We should impose the requirement that Deutsch calls causal consistency: the computation within the CTC must map the input probability distribution to itself. In deterministic physics, we know that this sort of consistency can't always be achieved—that's just another way of stating the Grandfather Paradox. But as soon as we go to probabilistic theories, well, it's a basic fact that every Markov chain has at least one stationary distribution. In this case of the Grandfather Paradox, the unique solution is that you're born with probability ½, and if you're born, you go back in time and kill your grandfather. Thus, the probability that you go back in time and kill your grandfather is ½, and hence you're born with probability ½. Everything is consistent; there's no paradox.

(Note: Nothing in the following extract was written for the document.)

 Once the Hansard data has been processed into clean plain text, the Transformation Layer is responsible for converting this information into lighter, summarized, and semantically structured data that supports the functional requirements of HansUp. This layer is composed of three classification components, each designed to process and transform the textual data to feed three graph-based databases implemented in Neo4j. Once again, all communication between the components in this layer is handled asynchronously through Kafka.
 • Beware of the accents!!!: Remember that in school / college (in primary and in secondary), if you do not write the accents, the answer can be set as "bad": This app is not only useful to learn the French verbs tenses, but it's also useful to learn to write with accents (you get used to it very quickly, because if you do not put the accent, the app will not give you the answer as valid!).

One thing that I like about Deutsch's resolution is that it immediately suggests a model of computation. First we get to choose a polynomial-size circuit C : {0,1}n → {0,1}n. Then Nature chooses a probability distribution D over strings of length n such that C(D)=D, and gives us a sample y drawn from D. (If there's more than one fixed-point D, then we'll suppose to be conservative that Nature makes her choice adversarially.) Finally, we can perform an ordinary polynomial-time computation on the sample y. We'll call the complexity class resulting from this model PCTC.

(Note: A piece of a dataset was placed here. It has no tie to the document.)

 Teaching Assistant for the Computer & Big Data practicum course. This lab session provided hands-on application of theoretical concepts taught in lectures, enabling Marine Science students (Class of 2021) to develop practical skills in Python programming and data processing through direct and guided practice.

What can we say about this class? My first claim is that NP ⊆ PCTC; that is, closed timelike curve computers can solve NP-complete problems in polynomial time. Does anyone see why? More concretely, suppose we have a Boolean formula φ in n variables and we want to know if there's a satisfying assignment. What should our circuit C do?

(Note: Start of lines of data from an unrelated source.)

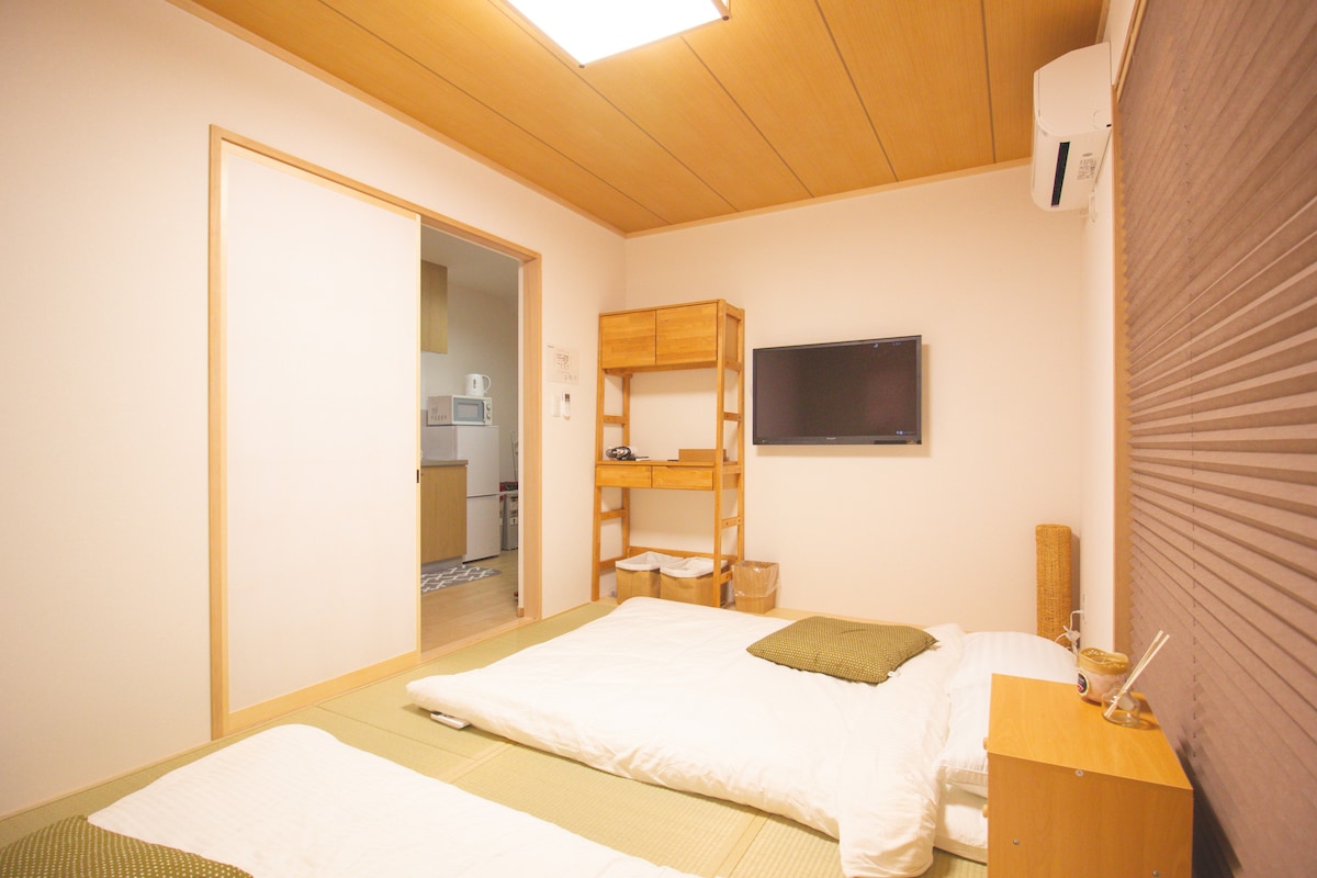 Welcome to TENSHIN, a warm, bright, and spotlessly clean home perfect for Osaka’s winter season. We prepare strong heating, fresh winter bedding, and a spacious living area where families and groups can relax comfortably. The large windows and terrace bring in soft daylight even in winter, making the whole home feel cozy and peaceful from the moment you arrive. Just 3min walk from Tengachaya Station, fast access to Namba, TENSHIN offers both warmth and convenience for your winter trip.
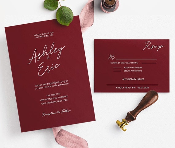 Foliage wedding invitation template set with burgundy and brown watercolor floral bouquet and border decoration. Invite your loved ones to your celebration with a flourish with this stylish design. They are all easily editable in all versions of microsoft word. Easily editable printable.
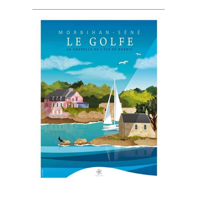 Cette jolie affiche “Le Golfe” de la chapelle de Boëdic de la marque Etoile de sel est parfaite en décoration. Elle possède de belles couleurs et apportera une petite touche Bretonne à votre intérieur !
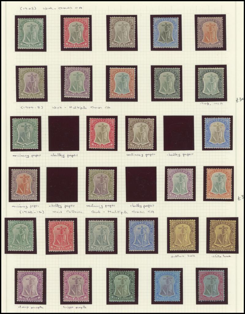 1903-04 KEVII Crown CA Wmk set * & used, 1904-14 KEVII & Pictorials Multiple Crown CA Wmk set * & used plus extra shades including 5/- used, 1914-21 KGV & Pictorials Multiple Crown CA Wmk set * & used plus extra shades & papers including 3d on

A: If the input is a satisfying assignment, spit it back out?
Scott: Good. And what if the input isn't a satisfying assignment?
A: Iterate to the next assignment?
Scott: Right! And go back to the beginning if you've reached the last assignment.

We'll just have this loop over all possible assignments, and we stop as soon as we get to a satisfying one. Assuming there exists a satisfying assignment, the only stationary distributions will be concentrated on satisfying assignments. So when we sample from a stationary distribution, we'll certainly see such an assignment. (If there are no satisfying assignments, then the stationary distribution is uniform.)

Q: So we're assuming that Nature gives us this stationary distribution for free?
Scott: Yes. Once we set up the CTC, its evolution has to be causally consistent to avoid grandfather paradoxes. But that means Nature has to solve a hard computational problem to make it consistent! That's the key idea that we're exploiting.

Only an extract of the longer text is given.